Большое значение антиэкстремистские законы имеют для буржуазии и в плане борьбы с профсоюзным движением. Любые выступления в защиту трудовых прав могут быть записаны в разряд «экстремистских». За примерами далеко ходить не надо, буквально месяц назад Центр «Э» в Калуге произвел массовое задержание активистов на профсоюзном собрании.

Борьба с профсоюзами, оппозицией и критиками конкретных влиятельных лиц — важные цели применения антиэкстремистского законодательства, но важнейшей его целью является создание в обществе атмосферы страха и отчуждения от «экстремистов», боязни какой-либо политической активности.
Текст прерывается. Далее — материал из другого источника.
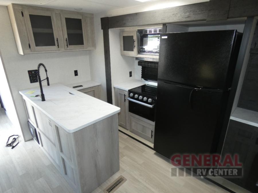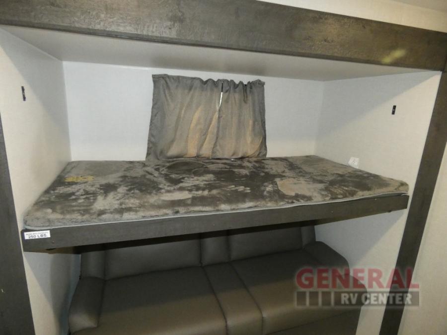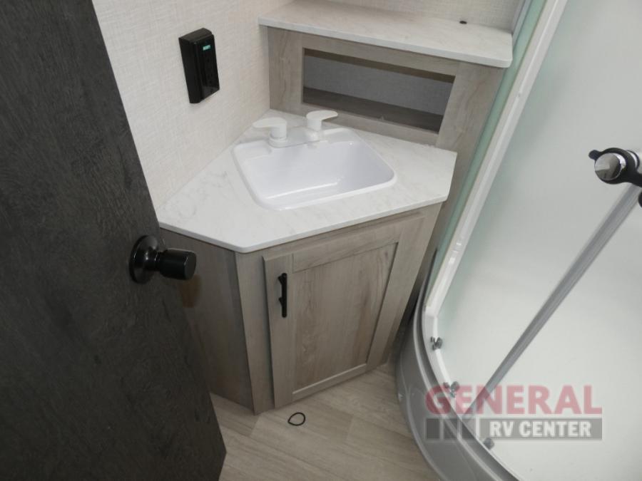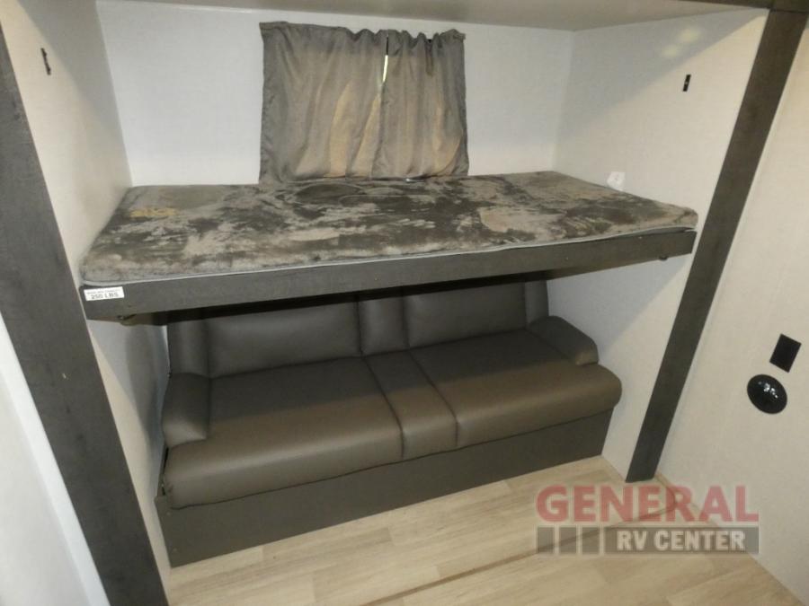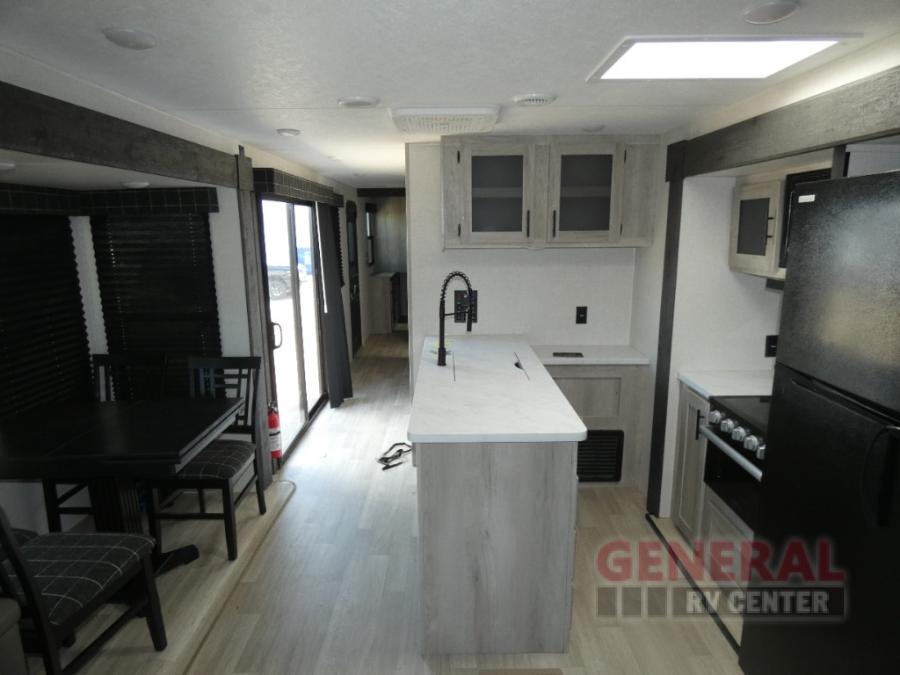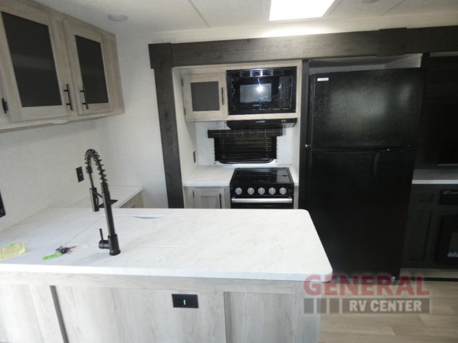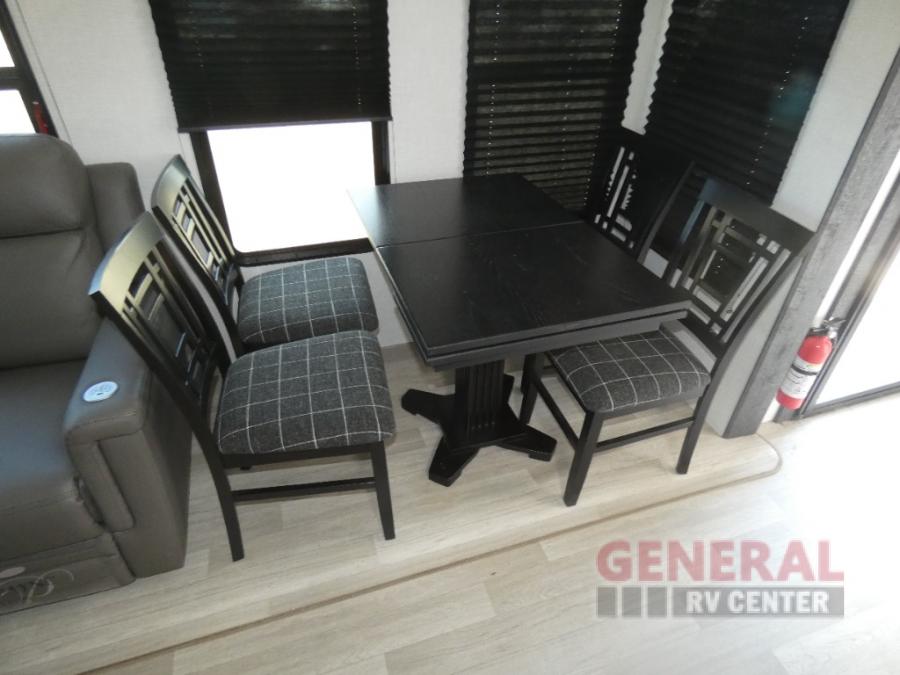 The whole gang will enjoy living in this destination trailer! You will have your own privacy with the rear private bedroom which has a king bed slide across from a dresser with an LED TV and a wardrobe. Everyone can freshen up in the full bathroom with a radius shower and keep their bellies full with a three burner cooktop. The table and chairs offer a comfortable place to enjoy your meals and play card games.
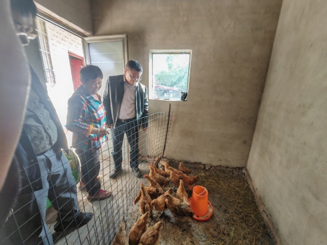 了解脱贫户家中的鸡苗养殖情况 刘小兵副校长一行还来到正在修建中的 “水堰口村党群服务中心” 新选址地,了解“水堰口村党群服务中心”的建设方案、资金来源和建筑风格等情况,叮嘱学校帮扶干部要与村“两委”认真调研,在上级党委政府的指导下把水堰口村党群服务中心建设好,实现村党群服务中心的提档升级,提升便民服务设施。
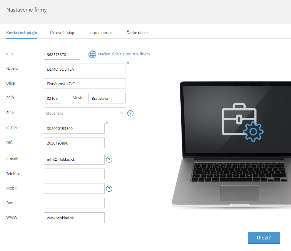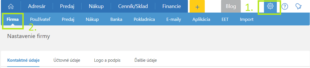 Nastavenie nájdete v pravom rohu pod ikonou ozubeného kolieska. Kliknite na prvú záložku Firma a otvoria sa vám Kontaktné údaje.
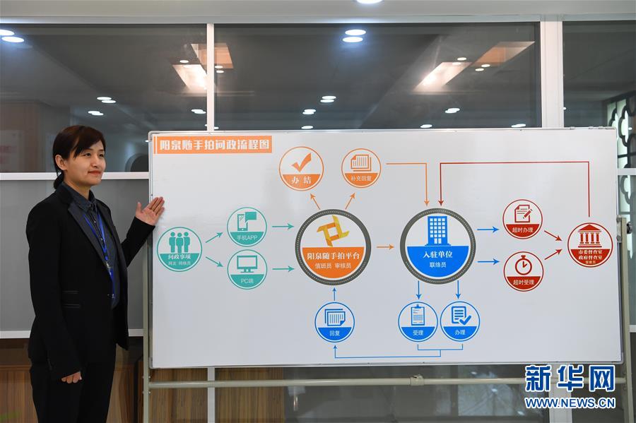4月15日,在阳泉市广播电视总台,工作人员介绍阳泉“随手拍”问政流程。 新华社记者 杨晨光 摄
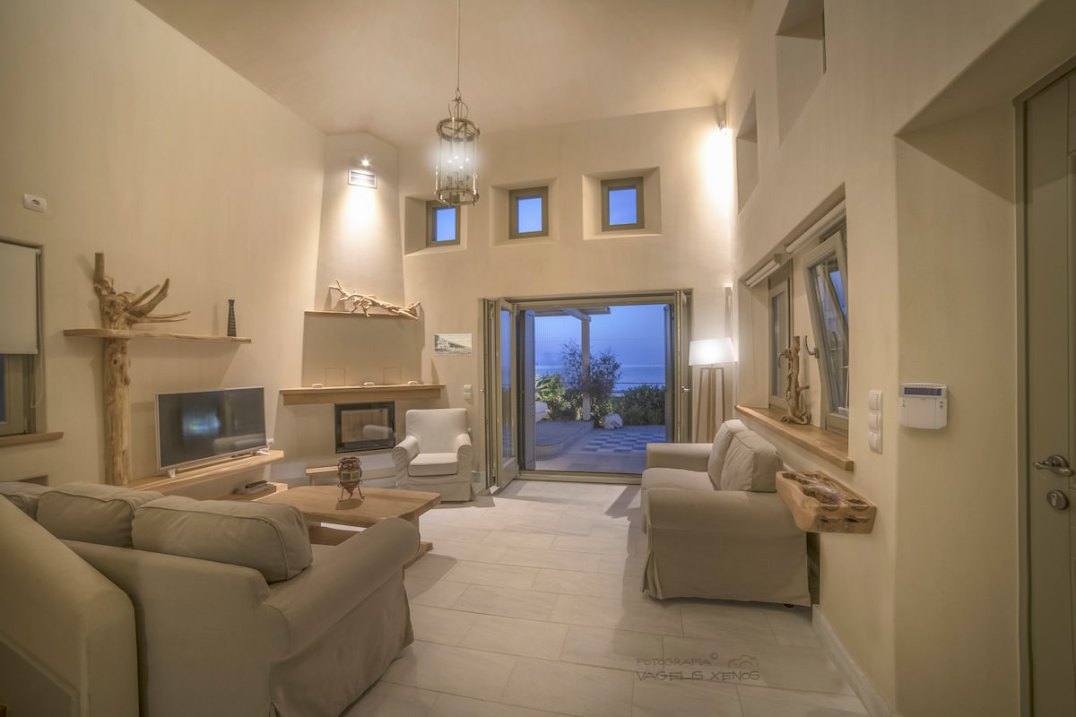 The villa is next to the Chorefto beach. Built with the basic natural materials from the area, stone and wood. The materials used are considered art constructions, perfectly safe for health and give the entire building a natural colour image. My villa is suitable for couples, business travellers and families (with children).
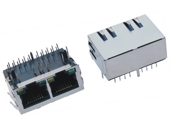 RJ45带滤波器 1X2 带灯带弹
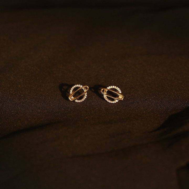复古锆石行星设计感耳钉时髦镶钻回形针别针圆形精致小众轻奢耳饰
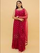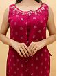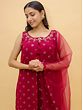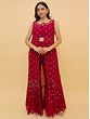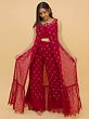 Make festivities an affair to remember with this designer georgette sharara suit set. The monochrome ensemble becomes beautiful with the vivid color, adorned with a sophisticated floral element on the neckline and beautiful floral motifs all over. The matching jacket adds a layer of style to the look, making this a stylish fusion of modern and classic Indian elements.
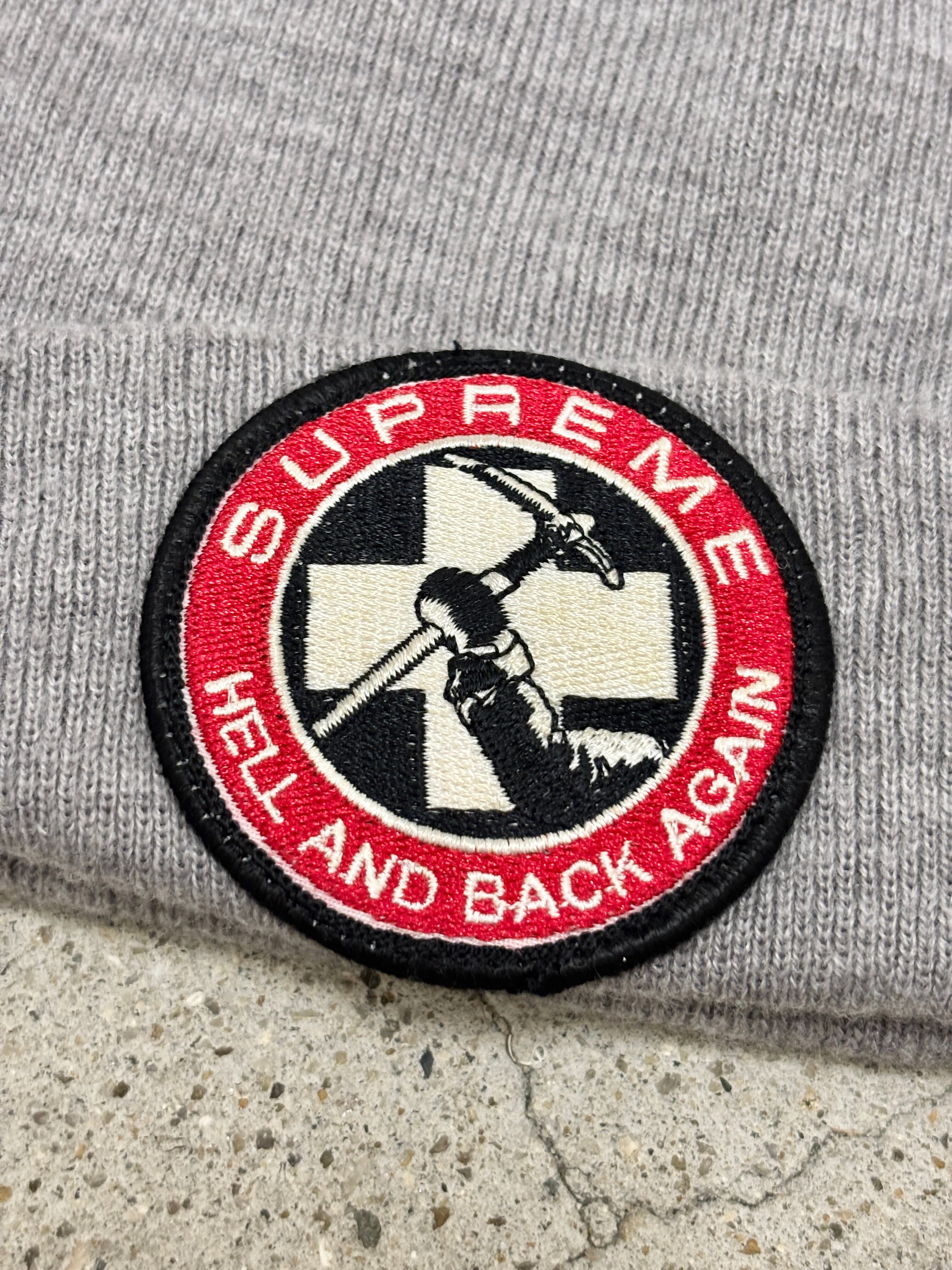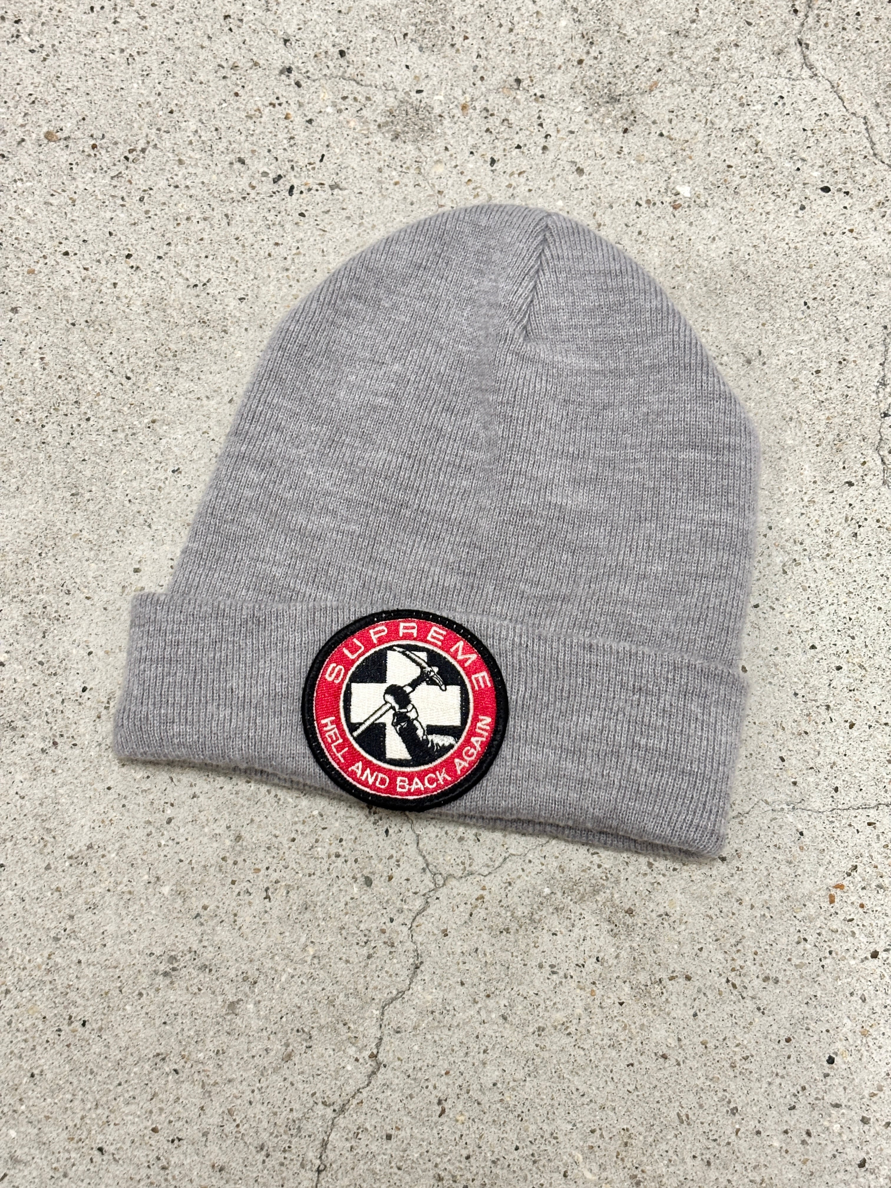 00s SUPREME/08AW HELL AND BACK AGAIN Beanie/Canada製/Free/ロゴパッチビ-ニ-/ニットキャップ/ニット帽/グレ-/シュプリ-ム
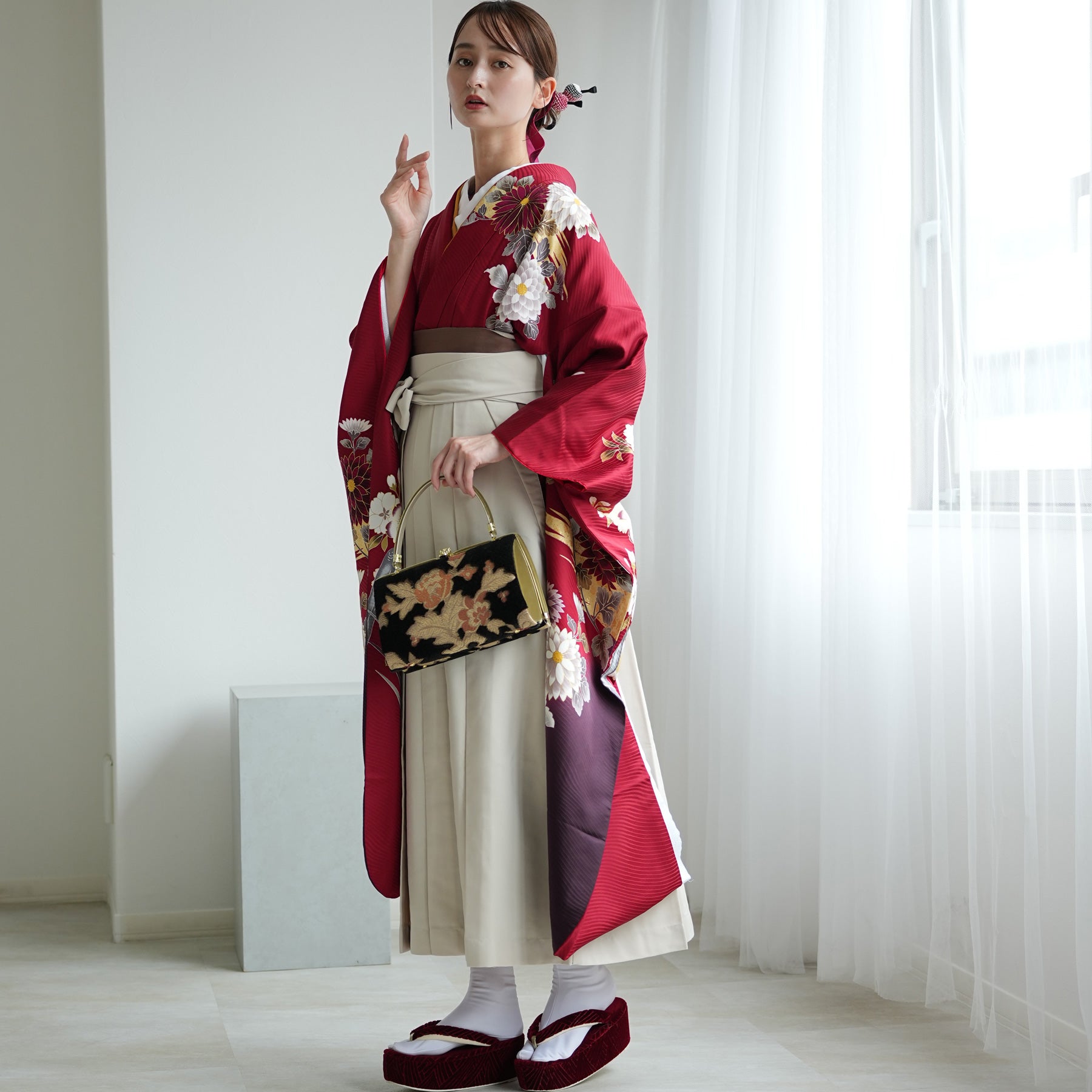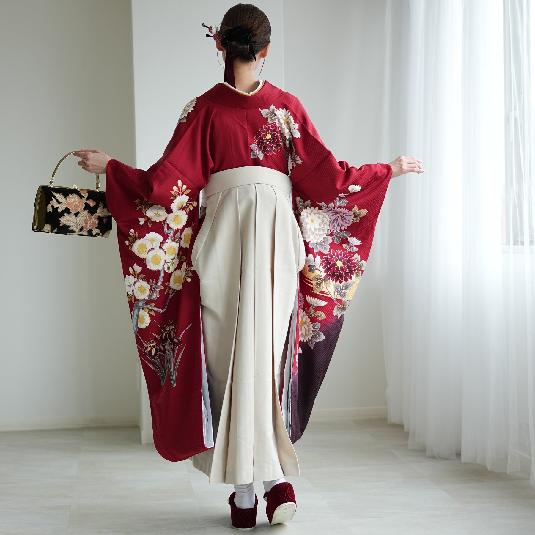 振袖着物と袴の組み合わせで華やかな印象に。
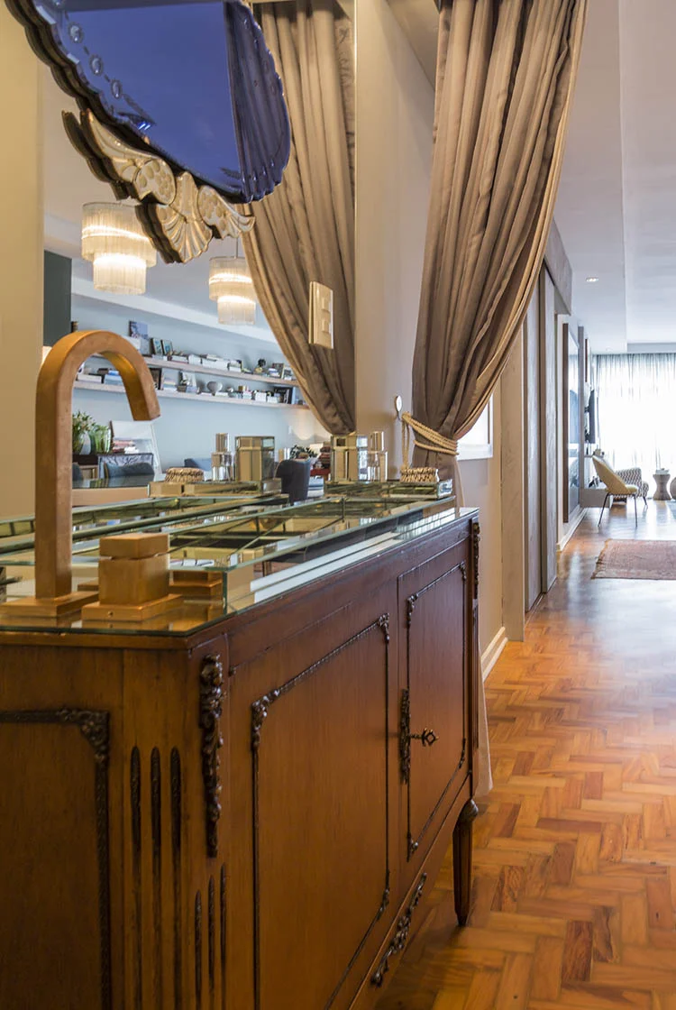 No lavabo, que não poderia ser usual, um móvel antigo recebeu uma inusitada cuba de espelho.
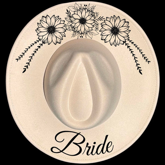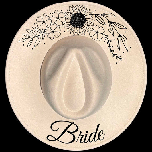 Bride And Bridesmaid Sunflower Floral Wide Brim Hat Burning Design SVG PNG
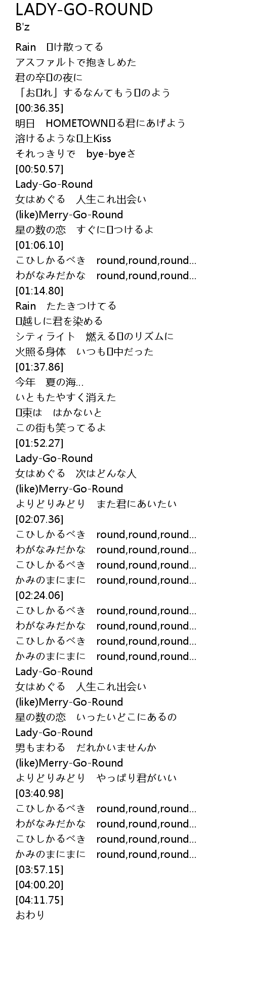 | [03:25.48] | Lady-Go-Round |
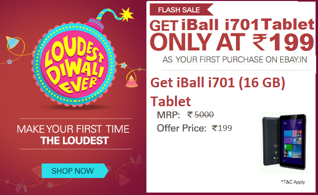 Hello Friends I'm Back With New Loot Offer. Now a days eBay giving so much offers to their New users. So theres another new offer for new users. Ebay giving again a flash sale where u will get a iBall-i701 Tablet only @199. Yes, you heard it right guyz only @199. So, Hurry up..!!

Именно этой цели служит так называемый «бытовой антиэкстремизм», когда к ответственности привлекают аполитичных людей, разово или совершенно случайно осмелившихся покуситься на честь и достоинство социальной группы «власть» или репостивших что-то «экстремистское». Хрестоматийным уже в этом смысле стал пример дела Евгении Вычигиной, реальная  вина которой с точки зрения «правоохранителей» заключалась не в подтверждении отметки на «экстремистском» видео, а в том, что она осмелилась добавить в друзья в соцсети политически неблагонадежного человека.

Антиэкстремистское законодательство непрерывно ужесточается, что показывает страх власть имущих перед ростом низовой самоорганизации народа. Каждое решение Думы об усилении наказаний за «экстремизм» означает, что пространство для пропаганды и агитации левых сил снова увеличилось, а протестный потенциал масс возрос.

В то же время в силу малой численности, слабой организованности и небольшого количества квалифицированных активистских кадров российский «антиэкстремизм» достаточно эффективен в борьбе с левыми. Властям зачастую бывает достаточно отправить в зону на пару лет всего одного ключевого активиста, чтобы остановить на этот период всякую работу в целом городе. Поэтому выработка эффективных методов противостояния давлению неправомерного «антиэкстремизма» является одной из ключевых задач для левых на современном этапе борьбы.